DESCRIPTION (provided by applicant): Abstract Macrophage migration inhibitory factor (MIF) plays an important role for the recruitment of innate and adaptive immune cells to the place of inflammation. MIF also activates various intracellular signaling pathways in the recruited cells for the release of other cytokines and the expression of cell adhesion molecules. The unique feature as a cytokine, MIF has catalytic (tautomerase) activity, which is yet controversial for its link to the immunological activity of MIF. Despite this controversy, recent studies support that the residues around the active site, not in the active site, play a role in interacting with the receptors. To date, three MIF receptors have been reported: 1) an invariant chain CD74, and CXC cytokine receptors 2) CXCR2 and 3) CXCR4. CD74 does not have tyrosine receptor kinase like signaling domain and requires CD44 that contains a kinase domain. It seems that all these receptors except CD44 directly interact with MIF. These receptors are also known to form hetero-oligomers. Our recent catalytic and chemotactic assays demonstrated that strong competitive inhibitors were not always more potent to the MIF-mediated chemotaxis than weak non-competitive inhibitors. In addition, crystal structures of MIIF inhibitors reveal that free functional groups are exposed to the solvent and available for the interference with receptor binding. In an effort to 1) investigate the interplay between MIF and its receptors and 2) to develop MIF inhibitors as antiinflammatory therapeutics, we identified a structurally diverse set of small molecule inhibitors, performed kinetic and structural characterization. The identified inhibitors will be optimized as drug leads in collaboration with Dr. William Jorgensen (Yale Chemistry Department). Furthermore, ones with good pharmacological properties in vitro will be subject to pharmacokinetics and tested for therapeutic effect in a murine model of rheumatoid arthritis. Outcomes of this proposed research will allow us to better understand MIF action to its receptors and also will provide potential drug leads for the treatment of inflammatory diseases.

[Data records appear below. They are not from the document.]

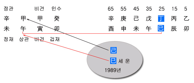 ▶ 대운천간 丁火는 일간에 대한 상관이며 길신으로 사주원국의 시상 정관/辛金을 丁-辛상충하고 년간 인수/癸水를 丁-癸상충으로 가격하니 길함이 반감되고 있다.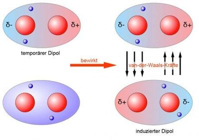 | Van Der Waal's attractions (vdW) (London inter-molecular Forces) There's a chance that electrons will be closer to one end of non-polar molecule than the other. What does this suggest? | The molecule momentarily becomes slightly negative on one end, and slightly positive at the other. |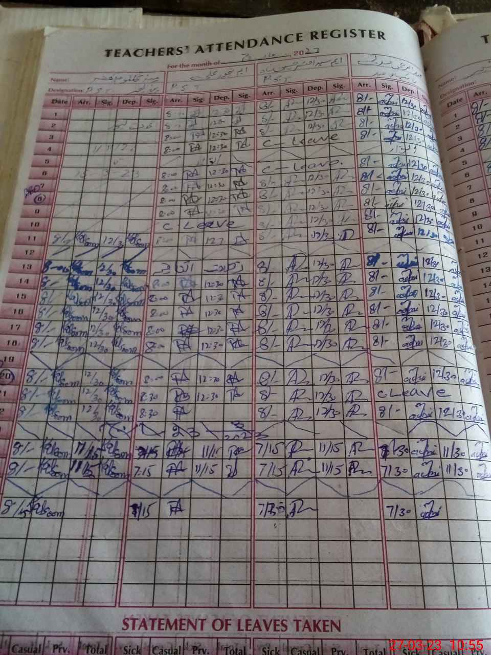 | Leave | Duty | Absent | Maternity | Medical | Ex- Pak |
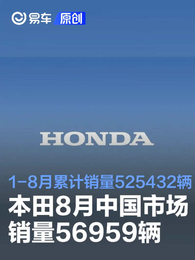 易车讯 9月4日,本田发布了2024年8月在中国市场的终端汽车销量。2024年8月本田在中国的终端汽车销量为56959辆。2024年1-8月本田在中国的终端汽车累计销量为525432辆,同期比72.8%,也就是说同比减少了27.2%。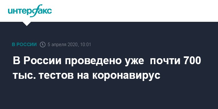 Москва. 5 апреля. INTERFAX.RU - Роспотребнадзор сообщил, по состоянию на 3 апреля в стране проведено более 699 тыс. лабораторных тестов на определение коронавирусной инфекции.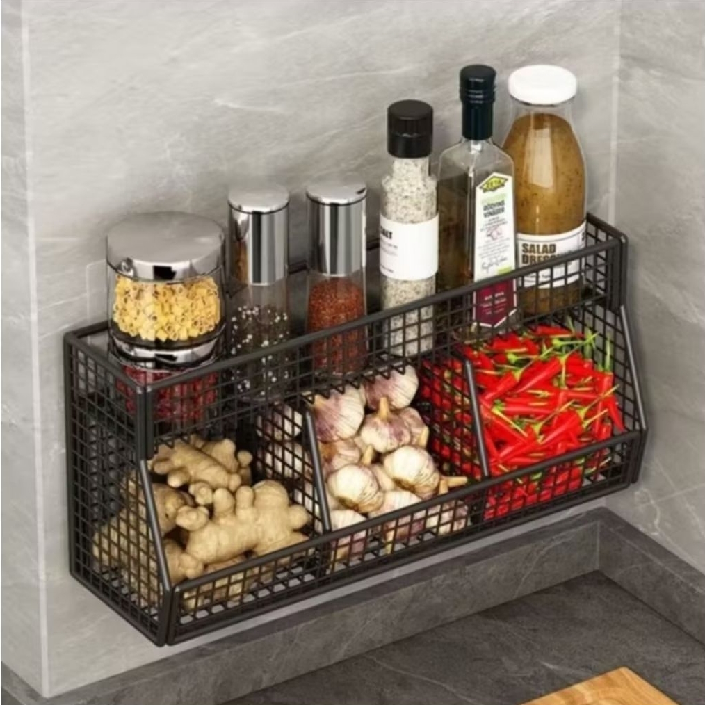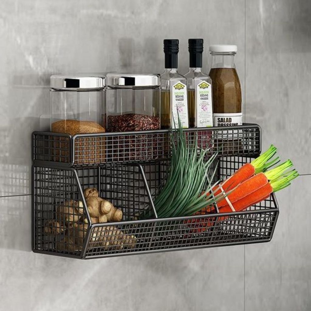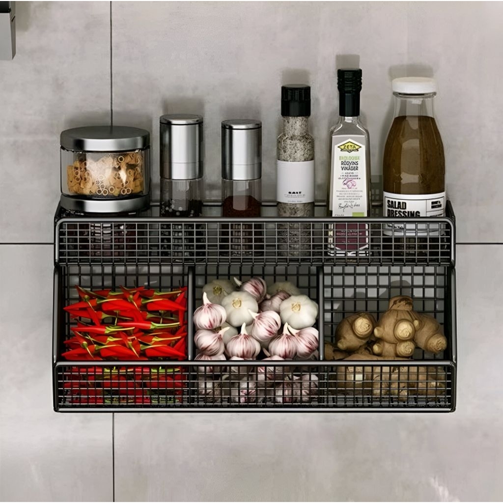 Rak Dapur Jaring Besi Sekat Trapesium untuk Bumbu Bawang Toples + Tempelan

描述（由申请人提供）：摘要巨噬细胞迁移抑制因子（MIF）对于将先天性和适应性免疫细胞募集到炎症部位起着重要作用。 MIF 还激活招募的细胞中的各种细胞内信号传导途径，以释放其他细胞因子和表达细胞粘附分子。作为细胞因子，MIF 具有催化（互变异构酶）活性，但其与 MIF 免疫活性的联系仍存在争议。尽管存在争议，但最近的研究支持活性位点周围的残基，而不是活性位点内的残基，在与受体相互作用中发挥作用。迄今为止，已报道了三种 MIF 受体：1) 不变链 CD74 和 CXC 细胞因子受体 2) CXCR2 和 3) CXCR4。 CD74 不具有酪氨酸受体激酶样信号结构域，需要包含激酶结构域的 CD44。似乎除 CD44 之外的所有这些受体都直接与 MIF 相互作用。还已知这些受体形成异源寡聚物。我们最近的催化和趋化测定表明，强竞争性抑制剂并不总是比弱非竞争性抑制剂对 MIF 介导的趋化作用更有效。此外，MIIF 抑制剂的晶体结构表明，游离官能团暴露于溶剂中，可干扰受体结合。为了 1) 研究 MIF 及其受体之间的相互作用，以及 2) 开发 MIF 抑制剂作为抗炎治疗药物，我们鉴定了一组结构多样的小分子抑制剂，并进行了动力学和结构表征。已确定的抑制剂将与 William Jorgensen 博士（耶鲁大学化学系）合作优化作为先导药物。此外，在体外具有良好药理特性的药物将接受药代动力学研究，并在类风湿性关节炎小鼠模型中测试治疗效果。这项拟议研究的结果将使我们能够更好地了解 MIF 对其受体的作用，并为治疗炎症性疾病提供潜在的药物先导化合物。